Let's have a quick look at the first 20 columns and few top rows of the dataset. 

In [None]:
# display first 20 columns to explore what the data look like
# 0:20 - means from column 0 up to column 19
pokemon.iloc[:,0:20].head()

### Challenge:

 - Out of the total 41 columns, we can see only first 20 of them here. Can you tweak the code cell to display only rest of the columns (i.e. from 21 to 41)?

## Part B: Weight and height 

Let's get to know more about Pokémon by assessing their physical characteristics.

In [None]:
# let's select only two columns "weight_kg" and "name"
pokemon_by_weight = pokemon[["weight_kg","name"]]

# we will order by "weight_kg" in descending order
pokemon_by_weight = pokemon_by_weight.sort_values(by=['weight_kg'],ascending=False)

# print out the top 10 heaviest pokemon
pokemon_by_weight.head(10)

In [None]:
# create a bar chart

# set_index("name"): we need to set index of rows to "name" so that the graph has pokemon names as labels
pokemon_by_weight.head(10).set_index("name").iplot(kind="bar",yTitle="Weight (kg)")

### Challenges:
- Find the 20 shortest Pokémon (use **height_m** column).
- Create a horizontal bar chart or line chart for the 20 shortest Pokémon by changing `iplot(kind="bar")` to `iplot(kind="barh")`  or `iplot(kind="line")` respectively. Which graph helps you better understand the results?
- Try two new kinds of plots: [boxplots](https://www.mathsisfun.com/definitions/box-and-whisker-plot.html) and [histograms](https://www.mathsisfun.com/data/histograms.html). Can you figure out how to interpret them?
     - use `iplot(kind="box")`
     - use `iplot(kind="histogram")`

## Part C: For the top 10 heaviest Pokémon, what will be the height?

We have identified the heaviest Pokémon in the dataset. Are those heaviest ones are the tallest ones as well? Let's find out.

In [None]:
# this time we are interested in weight and height - we select three columns "weight_kg","height_m" and "name"
pokemon_by_weight_height = pokemon[["weight_kg","height_m","name"]]

# we will order by weight_kg in descending order
pokemon_by_weight_height = pokemon_by_weight_height.sort_values(by=['weight_kg'],ascending=False)

# print on the screen the top 10 heaviest pokemon
pokemon_by_weight_height.head(10)

Interestingly, [Cosmoem](https://www.pokemon.com/us/pokedex/cosmoem) has a super large weight and minimum height!
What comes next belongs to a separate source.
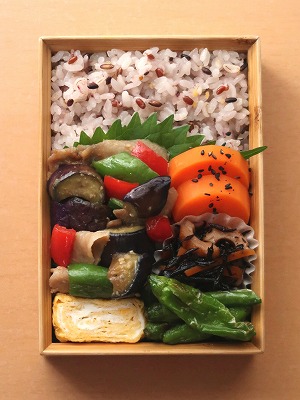 本日の弁当: 豚肉と茄子ピーマンの味噌炒め → 人参の甘煮 → 芽ひじきとちくわの炒め煮 → ししとうの素揚げ →···
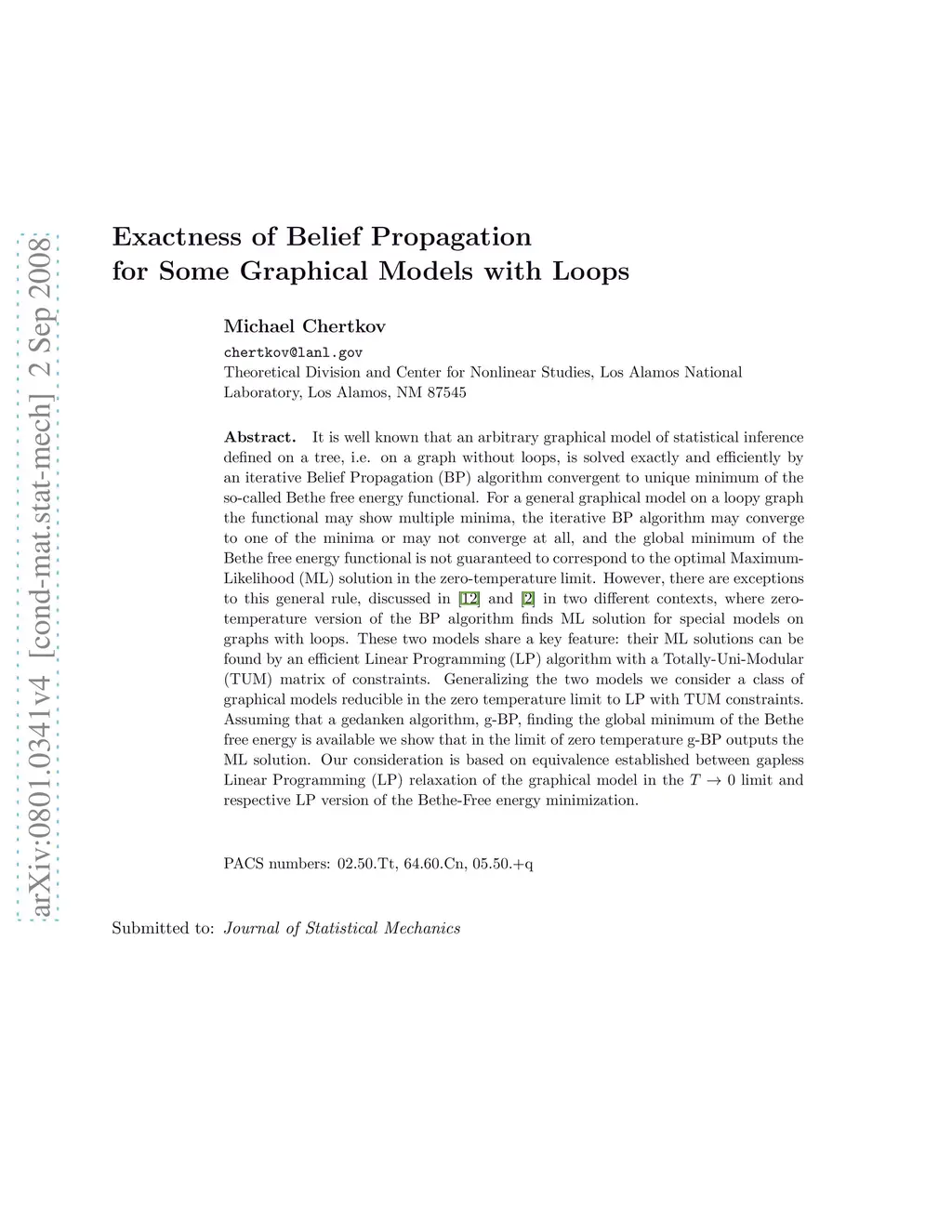 It is well known that an arbitrary graphical model of statistical inference defined on a tree, i.e. on a graph without loops, is solved exactly and efficiently by an iterative Belief Propagation (BP) algorithm convergent to unique minimum of the so-called Bethe free energy functional. For a general graphical model on a loopy graph the functional may show multiple minima, the iterative BP algorithm may converge to one of the minima or may not converge at all, and the global minimum of the Bethe free energy functional is not guaranteed to correspond to the optimal Maximum-Likelihood (ML) solution in the zero-temperature limit. However, there are exceptions to this general rule, discussed in \cite{05KW} and \cite{08BSS} in two different contexts, where zero-temperature version of the BP algorithm finds ML solution for special models on graphs with loops. These two models share a key feature: their ML solutions can be found by an efficient Linear Programming (LP) algorithm with a Totally-Uni-Modular (TUM) matrix of constraints. Generalizing the two models we consider a class of graphical models reducible in the zero temperature limit to LP with TUM constraints. Assuming that a gedanken algorithm, g-BP, funding the global minimum of the Bethe free energy is available we show that in the limit of zero temperature g-BP outputs the ML solution. Our consideration is based on equivalence established between gapless Linear Programming (LP) relaxation of the graphical model in the limit and respective LP version of the Bethe-Free energy minimization.

Let's try to visualize the height and weight for the ten heaviest Pokémon using a bar chart.

In [None]:
# create a bar chart
pokemon_by_weight_height.head(10).set_index("name").iplot(kind="bar")

Do you think a bar chart is a good option to visualize height and weight of all Pokémon? Perhaps not. Let's try [scatter plot](https://en.wikipedia.org/wiki/Scatter_plot) for that purpose.

In [None]:
# Scatter plot
pokemon_by_weight_height.iplot(kind="scatter", # type of plot
                               mode='markers', # show only markers(dots), not lines
                               x='weight_kg', # which columns will be the used for x-values
                               y='height_m', # which columns will be used for y-values
                               text="name", # name of the pokemon will be displayed when you hoover your mouse over it
                               xTitle="Weight (kg)", # x-axis title
                               yTitle="Height (m)", # y-axis title
                               title="Physical attributes of Pokémon") # title of the plot

### Challenges:
 - Find the top ten strongest Pokémon (use **attack** column - higher base attack means stronger Pokémon).
     - What is the base defense for these Pokémon? (use **attack** and **defense** columns)
 - Draw a scatter plot for defence (on y-axis) and attack (on x-axis) for the top ten strongest Pokémon.

## Part D: Pokémon by primary type

Let's analyze Pokémon by their primary type.

In [None]:
# unique primary types
pokemon_types1 = pokemon["type1"].unique()

# how many primary types do exist
print(len(pokemon_types1), "types")

# print the actual type names
print(pokemon_types1)

Would it be possible to find and list these 18 primary types of Pokémon manually?

Which type of Pokémon do you like the most?

In [None]:
# calculate how many of the Pokémon belong to every type
pokemon_by_type = pokemon.groupby("type1").size()

# create additional column "count" to store the number of Pokémon 
pokemon_by_type = pokemon_by_type.reset_index(name='count')

# sort by number of Pokémon - what type has the largest number
pokemon_by_type = pokemon_by_type.sort_values(['count'], ascending=False)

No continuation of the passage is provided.